My husband is derelict in every duty he has as a parent. He has forced me to be the only one that holds my daughter accountable for ANYTHING, from being a smartmouth to her schoolwork. He does nothing and yet sits there bitching about all he has to do. She is not his priority and he is allowing her to do whatever the flip she wants to do and that is coming to an end one way or the other.
She has zero organizational skills - didn't have all of her school supplies A WEEK AFTER school started, missed the second day of school because she could not make a choice as to what to wear when the original plan didn't pan out. She can barely finish a sentence before she starts a new one. She is hyperactive and she hasn't always been that way. I told Jeff over the weekend for instance that she couldn't do an essay while sitting on the backporch with the music blaring and him cutting grass or sitting there talking. I said that's the reason she's a scatterbrain, there IS TOO MUCH BULLSHIT going on all the time!
They have until Interims to show me something or I will file for specific visitation, which will instigate mediation, thus forcing him into parenting classes, etc...
I have had all I intend to watch of that man setting my daughter up to fail in life because he can't belly up and be a friggin MAN.
All of the years I have spent teaching her, directing her, instilling things in her have gone to hell in a handbasket in a matter of 9 months.
She is so far up her Dad's ass and just enjoying doing whatever the hell she wants to do that she now hates me because 9 times out of 10, seeing mom means ending up in a fight.
I have gotten myself a list of counselors from my insurance company today because I need help. Eventually, I'll bring D11 into counseling with me. For now, I have to go alone because I can't function anymore like this.
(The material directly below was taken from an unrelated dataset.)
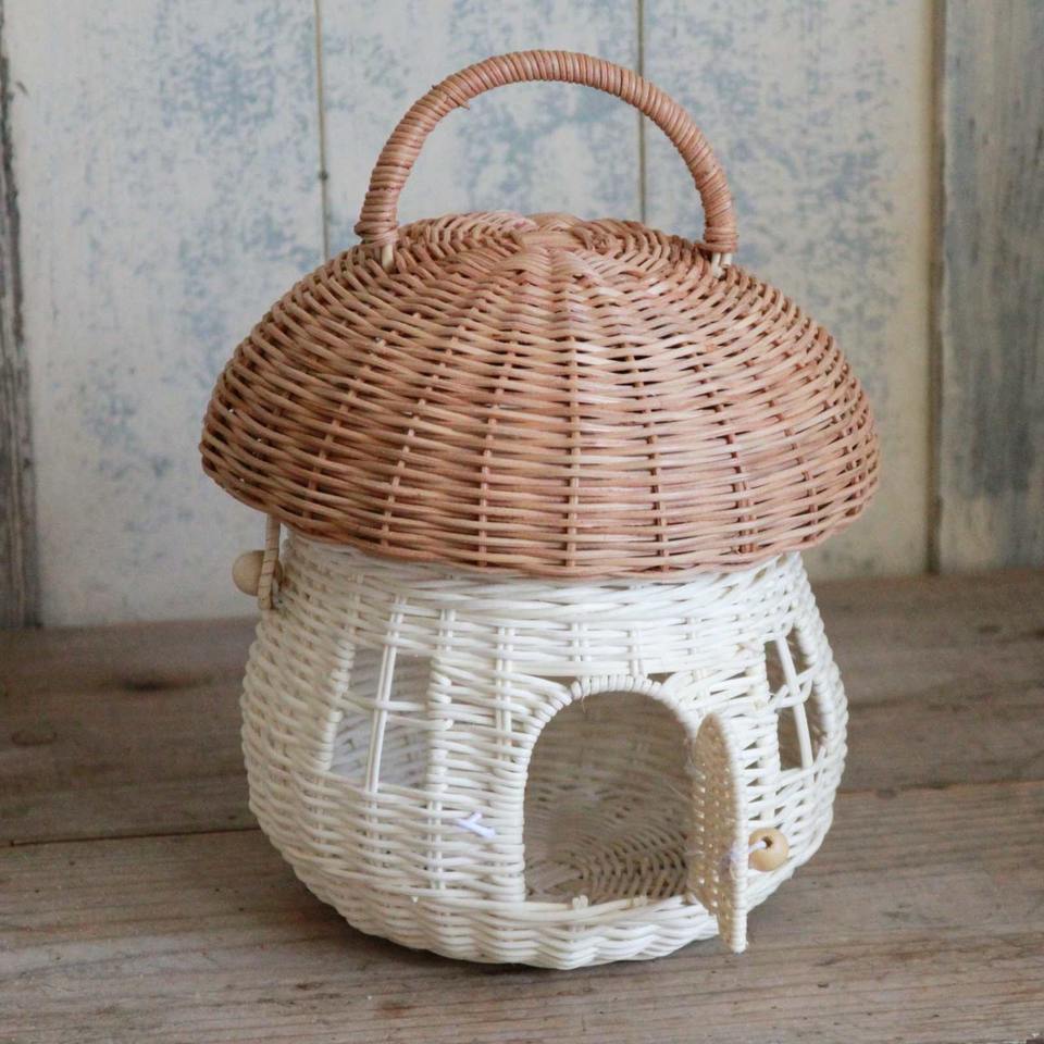 Children lovely handbag toys storage basket eco friendly rattan kids mushroom baskets with openable lid cheapest price

H is just gonna have to kiss my ass. I can not help him anyway and I am seriously concerned that I'm going to have a nervous breakdown if I continue trying to walk this line of not offending him and yet handling her behavior appropriately. It just can not be done. God knows I have tried. My resentment is growing tremendously and I am afraid I am going to snap. It is affecting my son too, at this point.
I really wonder just how freakin' long he thought I was going to let this go on?
Well, he'd better pull something out of his ass within the next 3 weeks or we'll be playing a whole new ballgame because I am 100% prepared to let my family become a part of the "system" now as opposed to waiting til my daughter becomes delinquent.